此处以LUAD为例,从TCGA下载生存资料和表达矩阵,处理为cox分析需要的的easy_input.csv。
第一步:样本资料整理,提取LUAD样本名
数据来源:
- TCGA_phenotype_denseDataOnlyDownload.tsv,TCGA样本资料,下载地址:https://pancanatlas.xenahubs.net/download/TCGA_phenotype_denseDataOnlyDownload.tsv.gz
- samplepair.txt,TCGA跟GTEx的组织对应关系,参照GEPIA help的Differential analysis:http://gepia.cancer-pku.cn/help.html,整理成samplepair.txt文件
- Survival_SupplementalTable_S1_20171025_xena_sp,cell处理优化过的生存资料,下载地址:https://pancanatlas.xenahubs.net/download/Survival_SupplementalTable_S1_20171025_xena_sp.gz
# 建立疾病全称跟缩写的对应关系
samplepair <- read.delim("samplepair.txt",as.is = T)
tissue <- samplepair$TCGA
names(tissue) <- samplepair$Detail
# 提取LUAD的样本资料
tcgacase <- read.delim(file="TCGA_phenotype_denseDataOnlyDownload.tsv",header=T,as.is = T)
tcgacase$tissue <- tissue[tcgacase$X_primary_disease]
tcgacase$type <- ifelse(tcgacase$sample_type=='Solid Tissue Normal',paste(tcgacase$tissue,"normal_TCGA",sep="_"),paste(tcgacase$tissue,"tumor_TCGA",sep="_"))
tcgacase$type2 <- ifelse(tcgacase$sample_type=='Solid Tissue Normal',"normal","tumor")
tcgatable<-tcgacase[,c(1,5:7)]
head(tcgatable)
lung <- dplyr::filter(tcgatable, tissue == "LUAD",type2=="tumor")
# 找到LUAD病人的生存资料,并与RNA-Seq样本比对
surivival<- read.delim("Survival_SupplementalTable_S1_20171025_xena_sp",as.is = T)
colnames(surivival)
LUADsur <- dplyr::filter(surivival,cancer.type.abbreviation== 'LUAD')

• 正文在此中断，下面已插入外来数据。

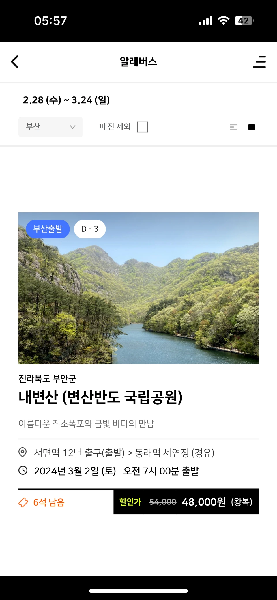 다시 지금으로 돌아와서 등산 관련 검색하다가 알레버스란 걸 알게 됐는데, 20세기 산악회 버스와 별 차이 없고, 무엇보다 부산에서 출발하지 않는다. 그렇게 유야무야 잊고 있었는데, 알레버스 앱을 우연히 알게 됐다. 서면 지하철역에서 출발한다.(현재는 주말뿐) 머리가 갈까 말까 망설이는데 몸의 편리성이 바로 결제해 버렸다. 필요성 보다 편리성이 소비를 결정한다. 사랑도, 관계도 편리해서 해지가 쉬운 세상이니 어련할까 싶다.

LUADsur <- LUADsur[,c(1,2,3,4,14,26,27)]
rownames(LUADsur) <- LUADsur$sample
#取交集
a <- intersect(LUADsur$sample,lung$sample)
luadsurvival_tumor <- LUADsur[a,] %>%
dplyr::filter(!is.na(OS.time))
surdata <- luadsurvival_tumor[,c(1,2,6,7)] #整理好的LUAD病人生存资料
surdata[1:5,1:4]

第二步:表达矩阵处理
这里直接读取LUAD基因的表达矩阵:easy_input_expr.csv
若要从pan-cancer提取处理好的某个癌症的RNA-seq数据,参考https://bioinfoer.com/forum.php?mod=viewthread&tid=610&extra=page%3D1
tcgadatatpm <- read.csv("easy_input_expr.csv",row.names = 1)
tcgadatatpm[1:5,1:5]
luadsample <- intersect(row.names(tcgadatatpm),luadsurvival_tumor$sample) #找到有生存信息的样本
row.names(luadsurvival_tumor) <- luadsurvival_tumor$sample
luadsurvival_tumortime <- luadsurvival_tumor[luadsample,]
luadsurvival_tumortime <- luadsurvival_tumortime[,c(1,6,7)]
tcgadatatpm$sample <- row.names(tcgadatatpm)
第三步:整理为cox分析的输入格式
realdata <- merge(luadsurvival_tumortime,tcgadatatpm,by="sample")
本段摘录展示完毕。